On the Lagrangian branched transport model and the equivalence with its Eulerian formulation

TL;DR

This paper compares two classical models of branched transport, providing a simplified proof of minimizer existence for the Lagrangian model and establishing the equivalence between Lagrangian and Eulerian formulations using energy formulas and flow decompositions.

Contribution

It offers a simplified proof of minimizer existence for the Lagrangian model and rigorously establishes the equivalence between Lagrangian and Eulerian branched transport models.

Findings

Proof of existence of minimizers for the Lagrangian model.

Rigorous connection between irrigation cost and Gilbert Energy.

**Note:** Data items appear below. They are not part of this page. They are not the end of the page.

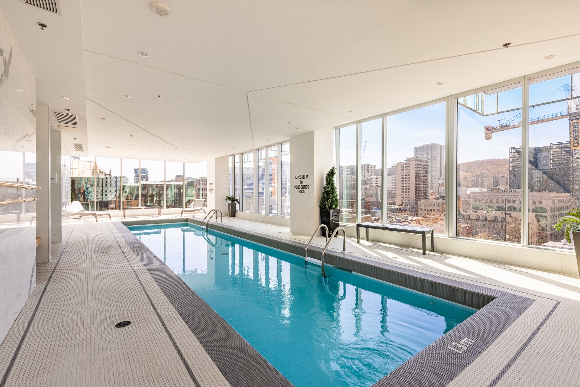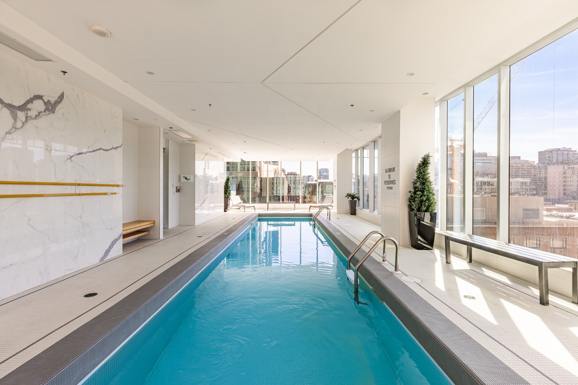 + Services au 8e étage: piscine intérieure à l'eau salée, gym entièrement équipée, une salle de repos/lounge, salle de conférence, salle de yoga, sauna sec, terrasse, bain à remous extérieur.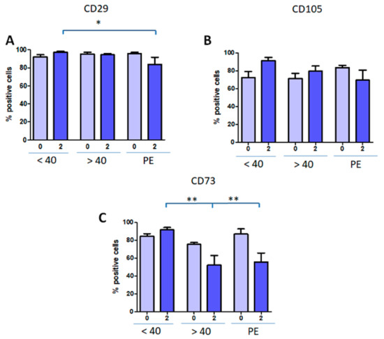Although the yield of hAMSCs from PE donors was lower than that for non-aged and aged women, also these donors gave sufficient numbers of hAMSCs to be expanded and cultured up to passage 5. If, however, we think that the advantage to comply on these ethical sources of MSCs is to yield a higher number of cells and avoid passaging that could lead to karyotypic abnormalities, this is a setback with pathological hAMSCs. Since the gestational age is similar between Group 1 and Group 2, and is even lower in Group 3, how could maternal factors influence the functional behavior of hAMSCs in terms of yield, viability, proliferation, and differentiation? It has been demonstrated that MSCs age in different organs [34], and that the increase in reactive oxygen species and epigenetic changes may underlie these alterations [31,35,36], that may well be at work also in aged placentas. Interestingly, Alrefaei et al. [37] determined by an immunohistochemistry study on MSCs in AM and Warthon’s jelly of the umbilical cord, that CD105 and CD29 expression showed an inverse correlation with age, with the least expression in women aged older than 40 years. As concerning pre-eclampsia, this pathological condition is thought to be due to inadequate placental cytotrophoblast invasion, followed by widespread maternal endothelial dysfunction, which leads to placental hypoperfusion and ischemia [38,39,40]. The only report, to the best of our knowledge, that is concerned about the effects of PE on amniotic cells is the one by Pianta and colleagues [41], who found that surface marker profile of PE-hAMSCs was similar to that of normal hAMSCs, although the expression of co-stimulatory and immunomodulatory molecules was quantitatively different, perhaps as a response to the inflammatory infiltrates that have been detected in the amniotic membranes of pre-eclamptic placentas. Therefore, it is conceivable that alterations in the maternal and placental environment due to ageing and pathology may lead to a dysfunctional behavior (perhaps linked to heightened senescence) in cells belonging to the amniotic membrane, a hypothesis that has to be confirmed with further experiments.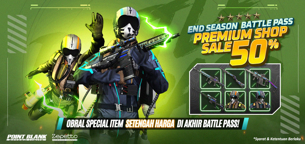 Hai Troopers Sudah Punya Premium Battle Pass Belum nih?? Karena Kami telah mempersiapkan Berbagai Item Spesial dengan Harga diskon 50% lho..!! Diskon Ini Hanya Tersedia di PREMIUM SHOP BATTLE PASS!! Periode Event berlaku 2 Desember 2025 (Setelah Maintenance) - 8 Desember 2025 (Hingga 23.59 WIB) Berikut adalah Item Spesial dengan Diskon 50% di Premium Shop Battle Pass: ![]() ![]() ![]() ![]() * 1 ID hanya bisa membeli 1 kali per 1 Jenis Item ** Item tersedia hanya dengan Durasi 30 Hari ***Item, Ketentuan & Waktu dapat berubah sewaktu - waktu tanpa pemberitahuan terlebih dahulu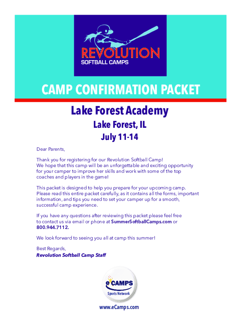 CAMP CONFIRMATION PACKET Lake Forest Academy Lake Forest, IL July 1114 Dear Parents, Thank you for registering for our Revolution Softball Camp! We hope that this camp will be an unforgettable and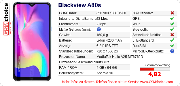 Hast du eigene Webseite? Willst du die Informationen über Standarddaten des Handys Blackview A80s irgendwo veröffentlichen? Das ist sehr einfach. Du kannst das Bild herunterladen oder kopieren und auf der Webseite folgenden Code hinzufügen:Das Einfügen von diesem Code verursacht das Anzeigen von dem folgenden Bild: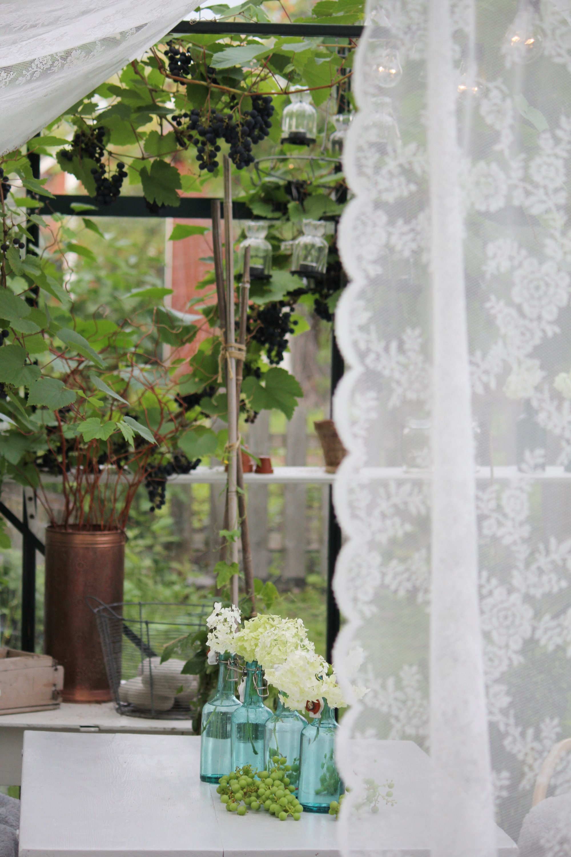 Växthuset fick bli ett annat trädgårdsrum. När sommarregnet hittade hit så var det ett gäng som satte sig där under vindruvorna medan regndropparna smattrade mot glastaket.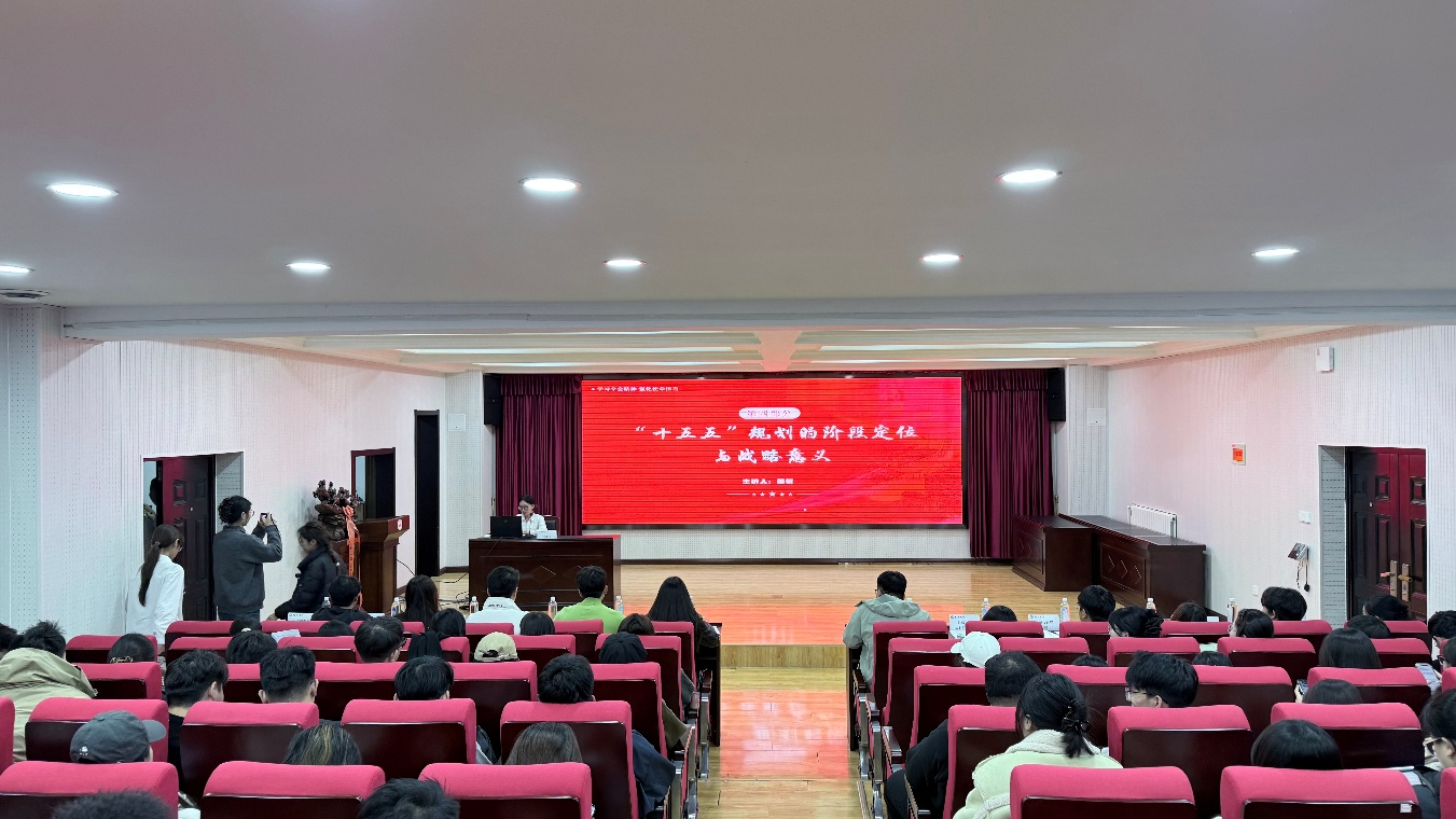 活动伊始,“理响”宣讲团成员王靖森带领全体参与者唱响共青团歌。随后,宣讲团围绕党的二十届四中全会精神展开宣讲,详解会议相关概念,回顾“十四五”时期国家多领域历史性成就,深入解读“十五五”规划的六大原则、七大目标及十二项重点任务,阐明其对2035年基本实现社会主义现代化的支撑作用。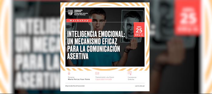 El área de Formación Continua de la Universidad Antonio Ruiz de Montoya realizó el Workshop: Inteligencia emocional, un mecanismo eficaz para la comunicación asertiva, el 25 de abril de 2022. La ponencia estuvo a cargo de María Percaz Four Pome, docente del curso de extensión Inteligencia emocional y comunicación asertiva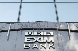 FILE PHOTO: The logo of Ukreximbank is seen at its headquarters in Kyiv, Ukraine October 6, 2021. REUTERS/Valentyn Ogirenko/File Photo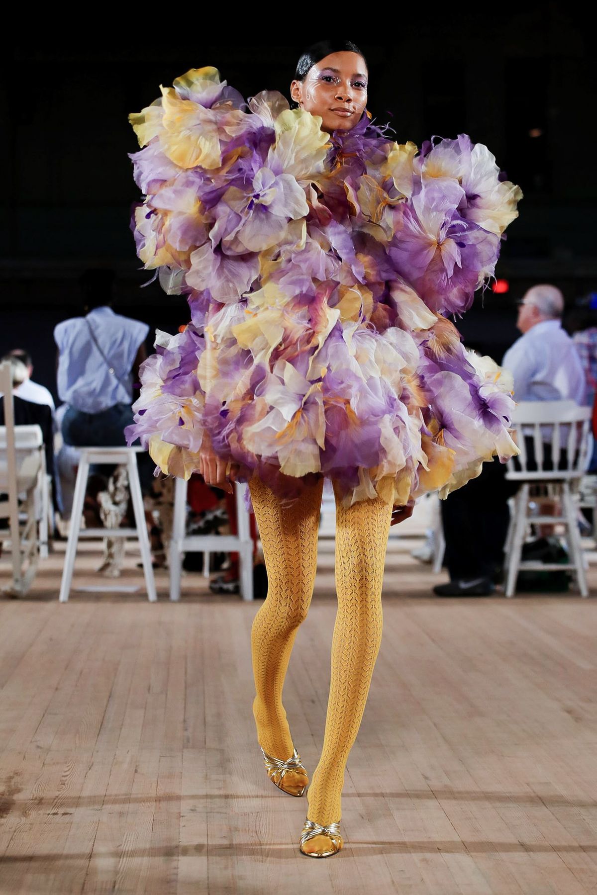 Renascentista e rococó: Kaia Gerber foi eleita para desfilar com o vestido suntuoso e florido.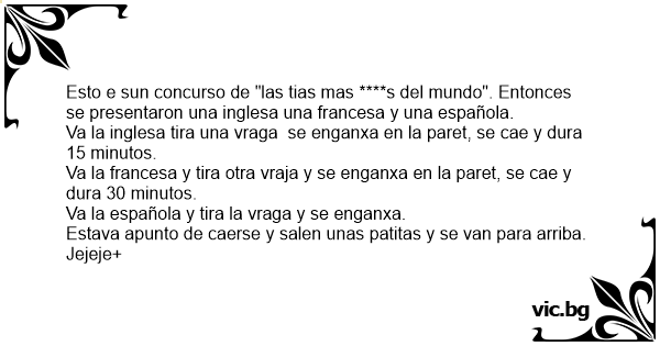 Esto e sun concurso de "las tias mas ****s del mundo". Entonces se presentaron una inglesa una francesa y una española.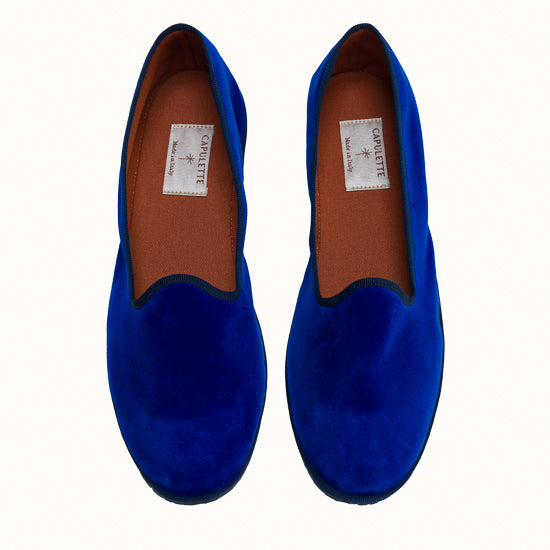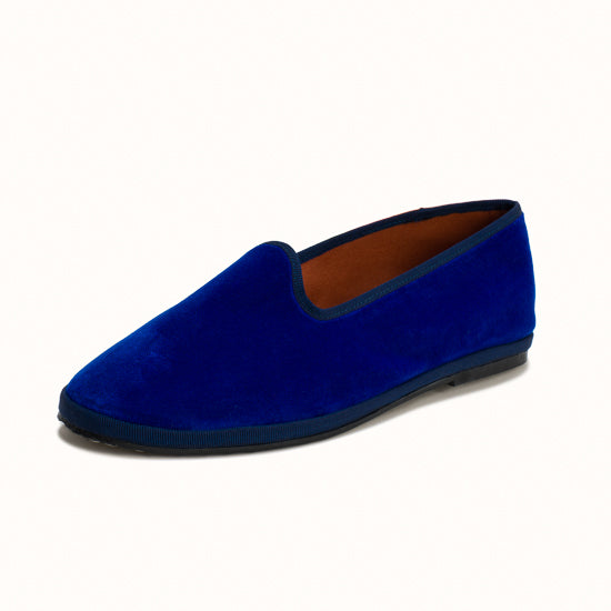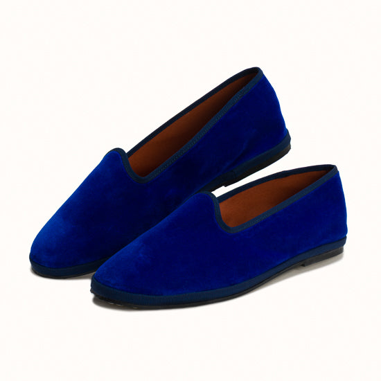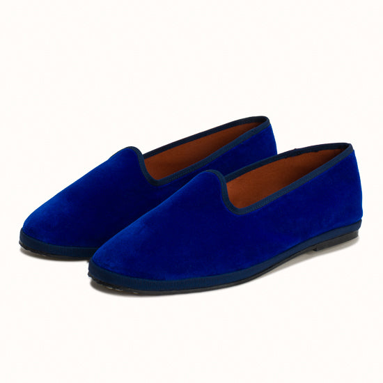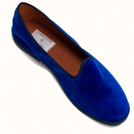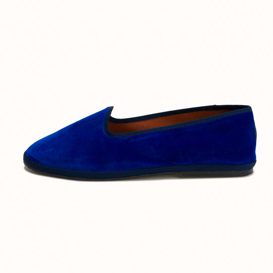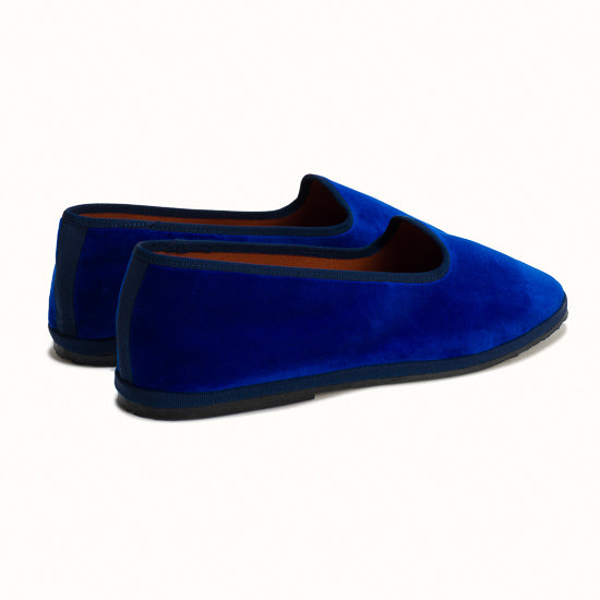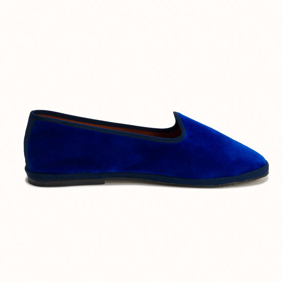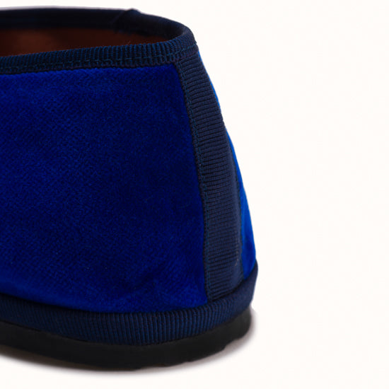 Friulane en velours bleu roi et rebords en gros grain ton sur ton.

Equivalence between Lagrangian and Eulerian models established.

Abstract

First we present two classical models of Branched Transport: the Lagrangian model introduced by Bernot, Caselles, Morel, Maddalena, Solimini, and the Eulerian model introduced by Xia. An emphasis is put on the Lagrangian model, for which we give a complete proof of existence of minimizers in a --hopefully-- simplified manner. We also treat in detail some $\sigma$-finiteness and rectifiability issues to yield rigorously the energy formula connecting the irrigation cost I$\alpha$ to the Gilbert Energy E$\alpha$. Our main purpose is to use this energy formula and exploit a Smirnov decomposition of vector flows, which was proved via the Dacorogna-Moser approach by Santambrogio, to establish the equivalence between the Lagrangian and Eulerian models.